将DropDown值插入MYSQL

This is my html form and php file i have to insert my budget dropdown values by select into database i have to select values from budget and selected value can insert in database and my data is inserting in my database when i click twice on submit button

<form action="insert.php" method="post" id="register-form" onsubmit=" return add();">
    <div class="label"> Name</div><input type="text" id="name" name="name" /><br />
    <div class="label">Email</div><input type="text" id="email" name="email" /><br />
    <div class="label">Phone Number</div><input type="text" id="phone" name="phone" /><br />
    <div class="label">budget</div>
    <select id="budget" name="budget">
        <option value="">select</option>
        <option value="1">0-100</option> <!-- first option contains value="" -->
        <option value="2">100-200</option> 
        <option value="3">200-300</option> 
    </select>
    <br /><br />
    <input type="submit"  onclick="add()" name="submit" />
    <div id="message"></div>
</form>

insert.php

<?php
    include("config.php");
    if(isset($_POST['submit'])){
       $name=$_POST["name"];
       $email=$_POST["email"];
       $phone=$_POST["phone"];
       $budget=$_POST["budget"];
       $insert_query="insert into form(name,email,phone,budget) values ('$name','$email','$phone','$budget')";
       $con=mysql_query($insert_query);
    }

?>

dropdown pass option value in variable so change the option value which you want to insert in database

<select id="budget" name="budget">
            <option value="">select</option>
            <option value="0-100">0-100</option> <!-- first option contains value="" -->
            <option value="100-200">100-200</option> 
            <option value="200-300">200-300</option> 
        </select>

Do the following:

<select id="budget" name="budget">
            <option value="">select</option>
            <option value="0-100">0-100</option> <!-- first option contains value="" -->
            <option value="100-200">100-200</option> 
            <option value="200-300">200-300</option> 
        </select>

Ensure that your field in the database is string/varchar

Re-visit the add() as well.

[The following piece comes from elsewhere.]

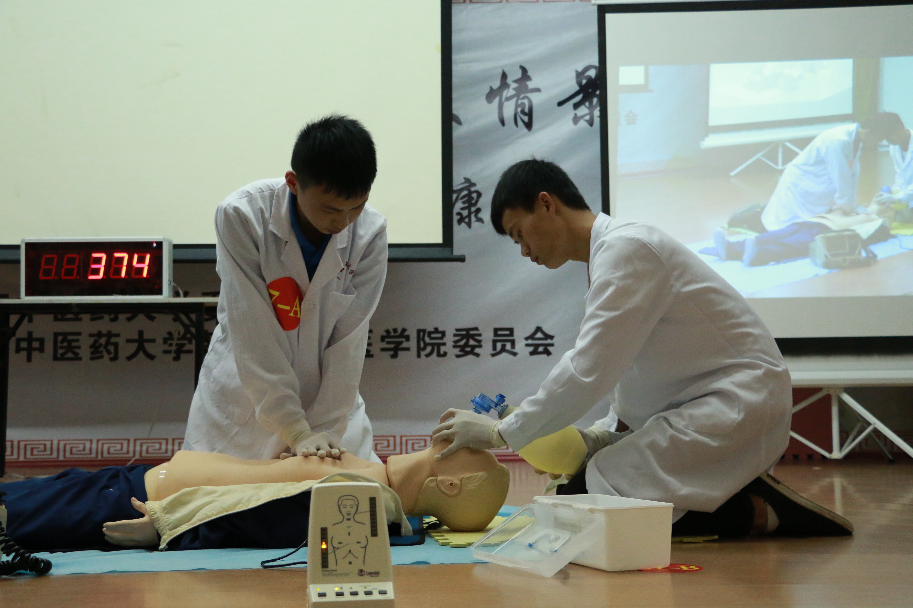 基础医学院团委、学生会为准备此次比赛,在全院学生中举行急救理论知识竞赛活动,全院共近两百名学生报名参加,竞赛形式主要笔试为主。经过急救理论知识比赛,选拔出7名成绩优秀同学组建成了基础参赛队伍。针对此次大赛我院参赛队伍主要通过网络学习、讲座倾听、团队自学等形式进行了积极准备,同时结合大赛指定水灾事故现场、触电事故现场等四个模拟情景,进行反复得模拟练习。

That might be the cause for inserting successfully after the second click.

<select id="budget" name="budget">
 <option value="">select</option>
 <option value="0-100">0-100</option> <!-- first option contains value="" -->
 <option value="100-200">100-200</option> 
 <option value="200-300">200-300</option> 
 </select>

if u want to select multiple option u use

<select id="budget" name="budget" multiple="multiple">

The $_POST["budget"]; is taking the value that is in the option, in this case the value for "0-100" is 1. If you want the value to be stored in the database use "0-100" as the value.

As far as the insert problem goes, try using this syntax:

$budget=$_POST['budget'];
$query = "INSERT INTO users ( database_budget )
        VALUES ('$budget');";

the top value being the value in the database and the bottom value being the post value.

This is assuming that you're connecting to the database correctly. Also use single quotes for post values not double quotes.